AB 1357 adds a new chapter to the Welfare and Institutions Code that treats guaranteed income payments as neither income nor resources for the purposes of determining eligibility for, or the amount of, means‑tested public benefits in California. The bill explicitly covers payments from the California Guaranteed Income Pilot Program and locally funded guaranteed income programs.

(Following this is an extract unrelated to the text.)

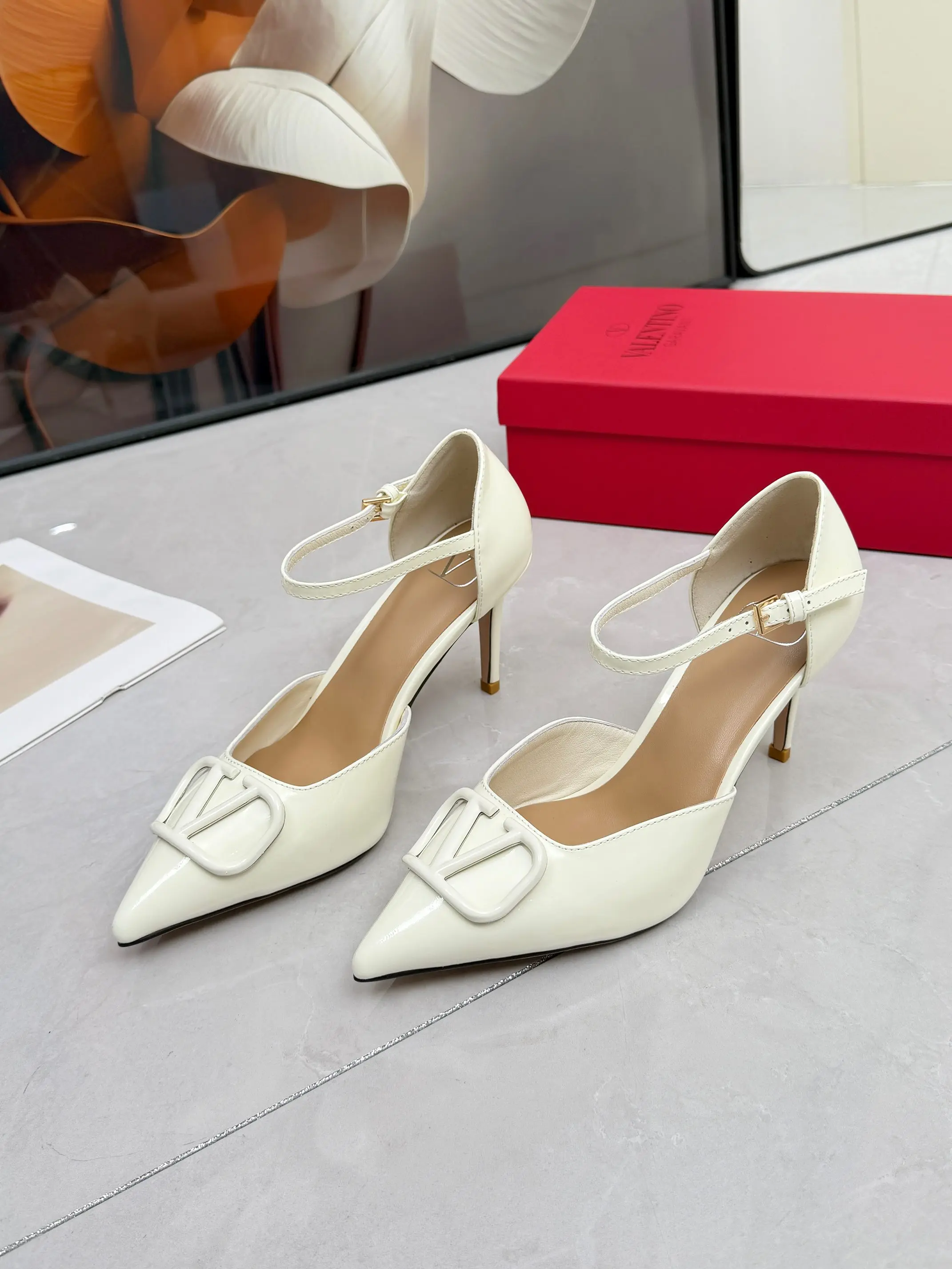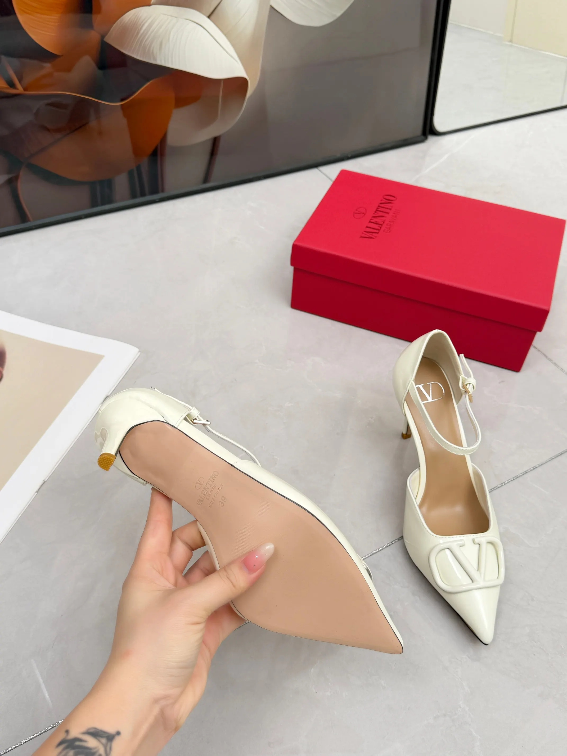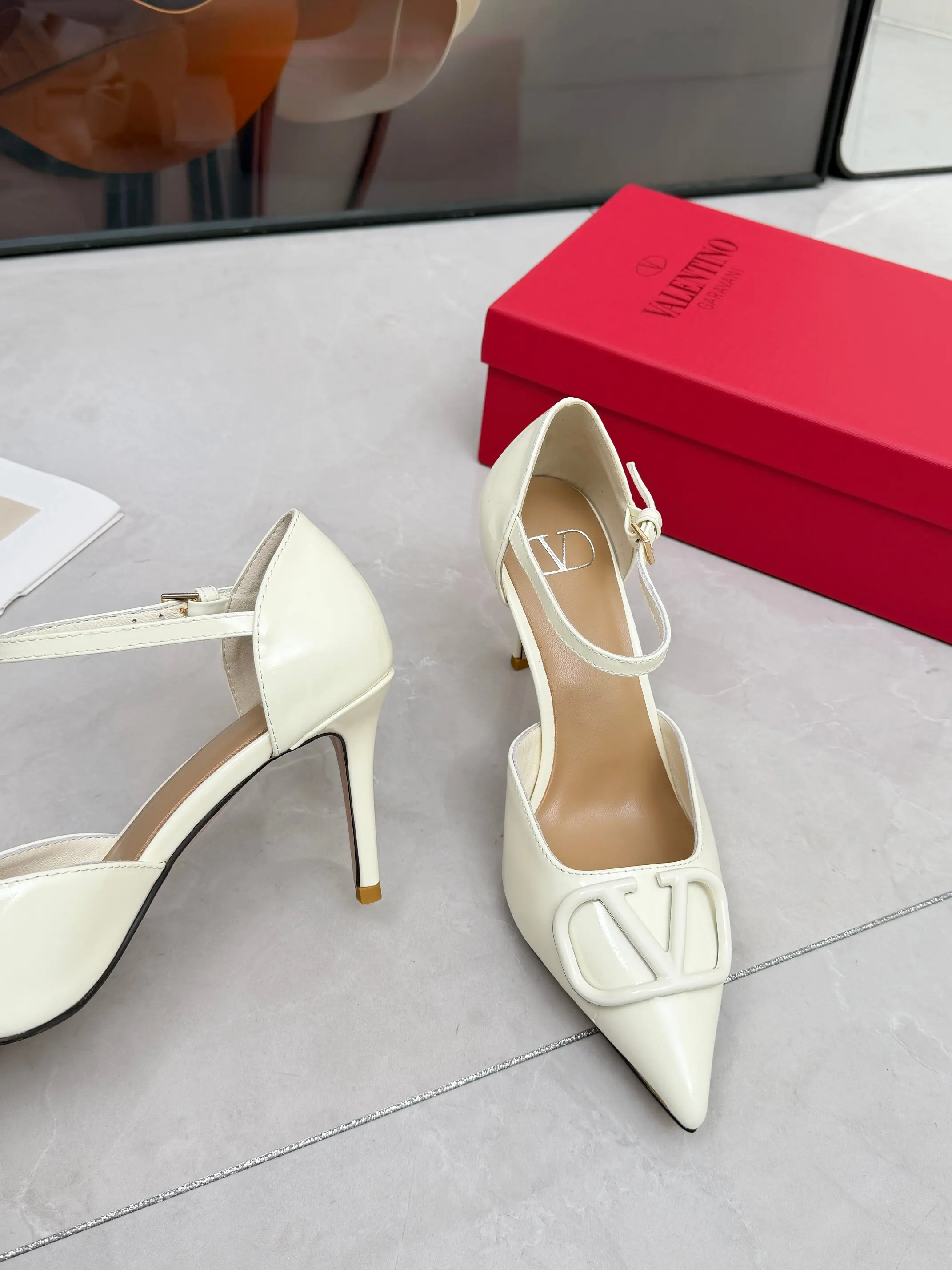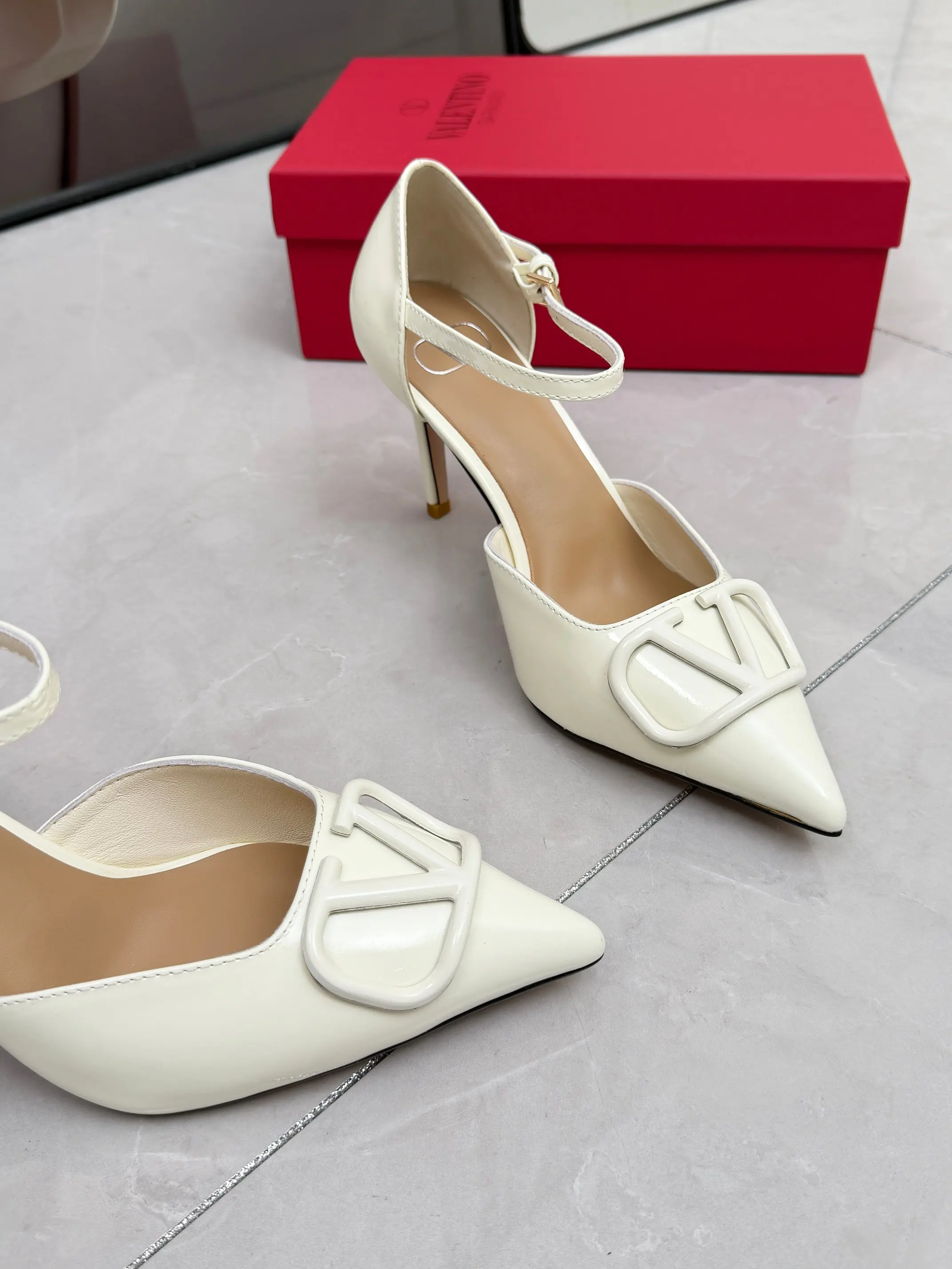 华伦天奴春季单鞋 大V字母扣.实拍图 码数35-41码 42可订做 跟高8厘米 面料全牛皮 内羊皮

To implement this change, the bill directs the State Department of Social Services (DSS) and the Department of Health Care Services (DHCS) to seek any federal waivers necessary. It also creates implementation duties for counties (which the bill recognizes as a state‑mandated local program) and modifies a previous continuous appropriation related to CalWORKs for purposes of carrying out these provisions.
At a Glance
What It Does
The bill makes guaranteed income payments (including pilot and local programs) noncountable as income or resources for means‑tested programs administered by state and local agencies, and requires DSS and DHCS to pursue federal waivers needed to effect that treatment. It includes a reciprocal clause specifying that means‑tested benefits will not be treated as guaranteed income payments.
Who It Affects
Recipients of guaranteed income programs, participants in CalWORKs, CalFresh, CFAP, Medi‑Cal, General Assistance, Kin‑GAP, AAP, and CAPI, county eligibility workers, and local organizations that run guaranteed income pilots. State agencies must prepare waiver requests and issue implementation guidance.
Why It Matters
The change aims to prevent guaranteed income from triggering benefit reductions or disqualification, removing a key barrier to participation. Practically, it creates immediate operational requirements for counties and raises reliance on federal approvals—so program continuity will depend on administrative execution and waiver outcomes.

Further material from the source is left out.